Can you help me set up this problem please

P(t) = 100/1+48.2e^-0.52t

If the company's claim is true, how many months will it take to have mastered 80% of the program.

I just need help setting it up

Thanks!

I will assume you meant

P(t) = 100/(1+48.2e^(-.52t) )

You did not define P(t), but I will assume it will be the
"efficiency" mastered after t months
so .....

.8 = 100/(1 + 48.2e^(.52t))
.8 + 38.56e^(.52t) = 100
e^(.52t) = (100-.8)/38.56 = 2.572614
taking ln of both sides, and knowing that ln e = 1
.52t = ln (2.572614)
t = 1.817 or appr 1.8 months

check:
let t=1.817
P(1.1817) = 100/(1 + 48.2e^(.52(1.817)
= 0.8

Sure, I can help you set up the problem.

To find the number of months it will take to have mastered 80% of the program, we need to solve the equation P(t) = 0.8, where P(t) represents the progress of mastering the program over time t.

The given equation for P(t) is: P(t) = 100 / (1 + 48.2e^(-0.52t))

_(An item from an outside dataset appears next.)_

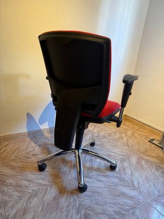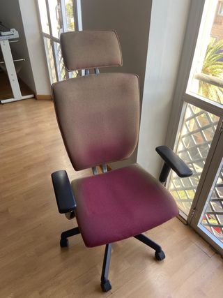 38€ cada una 5 sillas de oficina con diseño ergonómico, reposacabezas y reposabrazos. Las sillas se encuentran en buenas condiciones, la tapicería se ha descolorido debido al paso del tiempo y la acción del sol y algunos reposabrazos tienen imperfecciones. - Tapicería de tela tono burdeos (color desgastado) - Estructura metálica reforzada con plástico rígido - Base con 5 ruedas - Altura variable, balancín y riñonera con altura variable - Los reposabrazos pueden quitarse MEDIDAS: · Ancho del asiento: 52cm · Ancho con brazos: 67 cm · Fondo: 65cm · Altura variable (122-132cm)

To set up the problem, we need to substitute P(t) with 0.8 in the equation, so it becomes:

0.8 = 100 / (1 + 48.2e^(-0.52t))

Now, to find the value of t, we need to solve for it. Here's one way to set it up:

1. First, let's multiply both sides of the equation by (1 + 48.2e^(-0.52t)) to get rid of the denominator:

0.8 * (1 + 48.2e^(-0.52t)) = 100

2. Next, distribute the 0.8 to both terms inside the parentheses:

0.8 + 38.56e^(-0.52t) = 100

3. Now, subtract 0.8 from both sides of the equation:

38.56e^(-0.52t) = 99.2

4. Finally, divide both sides of the equation by 38.56 to isolate e^(-0.52t):

e^(-0.52t) = 99.2 / 38.56

Now, you can take the natural logarithm of both sides to obtain t:

ln(e^(-0.52t)) = ln(99.2 / 38.56)

By taking the natural logarithm, we can isolate t and solve for it.